## Description of the task
In the copy, keep every line below as it is and leave out the pictures.
+++ Source material +++
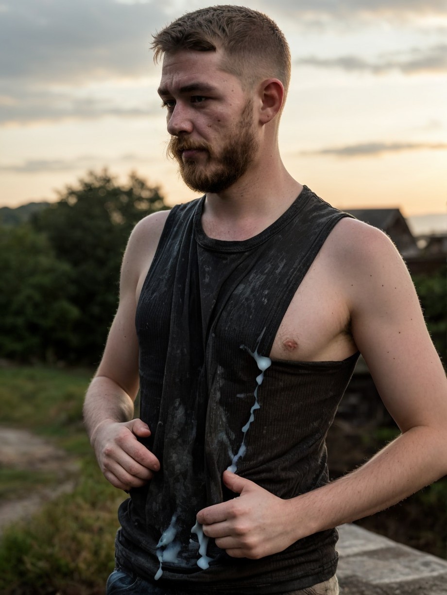 <lora:gender_slider_v1:-3> <lora:zoom_slider_v1:-4.5> <lora:cumrag:1.2> <lora:shirtsqueeze_sd15:0.75> <lora:hair_length_slider_v1:-4> (cumrag shirt:1.3), (far away shot:1.1), (face:1.3), photo of a Irish age 18 (man:1.5) wearing a (black tank top:1.1) shirt, (ribbed cotton:1.1), hairy chest, hairy armpit, (shirtsqueeze:1.3), (hand on chest:1.3), (wet:0.5) cum stains, dirty, (sweaty:0.2), (crusty:0.5) (yellowish:0.7) (whitish:1.3) (dry stains:0.6), goo, stinky, gross, sticky, nasty, natural lighting, 4k uhd, dslr, soft lighting, high quality, Fujifilm XT3, red soft natural light
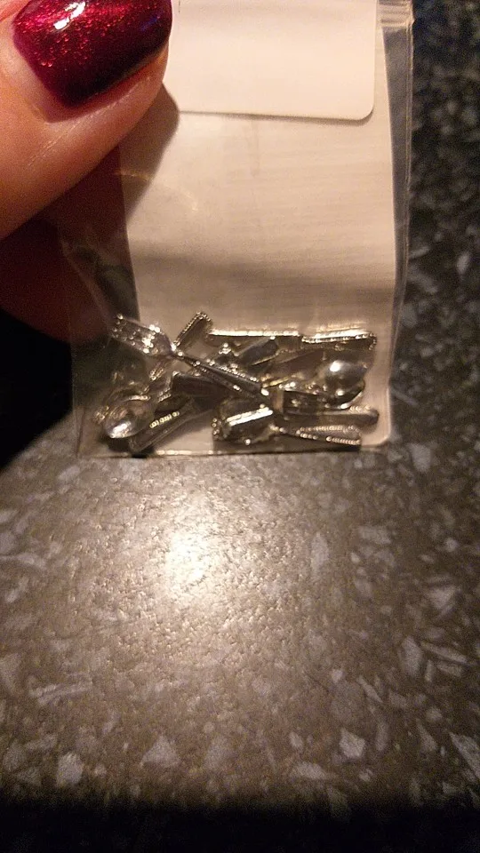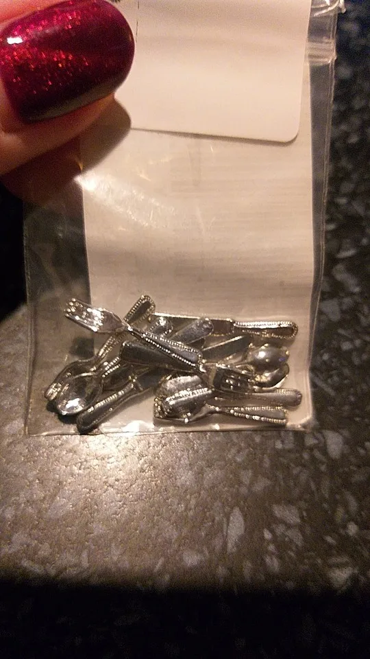 H/I: Цвет: золотистый, серебристыйРазмер: ложка и вилка длиной 2 см и длиной 2,2 см
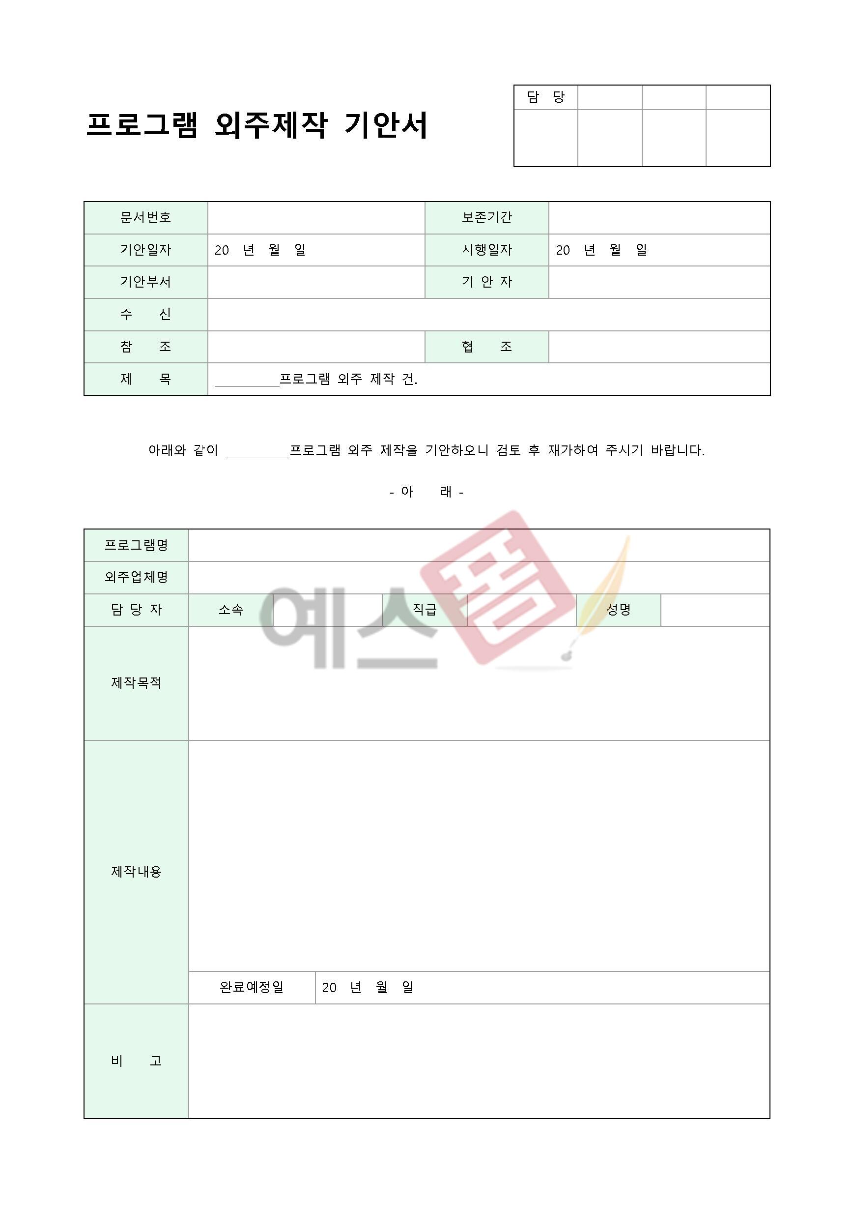 | 발주기안서 | 프로그램 외주제작 기안서 | 직원 채용기안서 |
+++
## Response
 <lora:gender_slider_v1:-3> <lora:zoom_slider_v1:-4.5> <lora:cumrag:1.2> <lora:shirtsqueeze_sd15:0.75> <lora:hair_length_slider_v1:-4> (cumrag shirt:1.3), (far away shot:1.1), (face:1.3), photo of a Irish age 18 (man:1.5) wearing a (black tank top:1.1) shirt, (ribbed cotton:1.1), hairy chest, hairy armpit, (shirtsqueeze:1.3), (hand on chest:1.3), (wet:0.5) cum stains, dirty, (sweaty:0.2), (crusty:0.5) (yellowish:0.7) (whitish:1.3) (dry stains:0.6), goo, stinky, gross, sticky, nasty, natural lighting, 4k uhd, dslr, soft lighting, high quality, Fujifilm XT3, red soft natural light
 H/I: Цвет: золотистый, серебристыйРазмер: ложка и вилка длиной 2 см и длиной 2,2 см
 | 발주기안서 | 프로그램 외주제작 기안서 | 직원 채용기안서 |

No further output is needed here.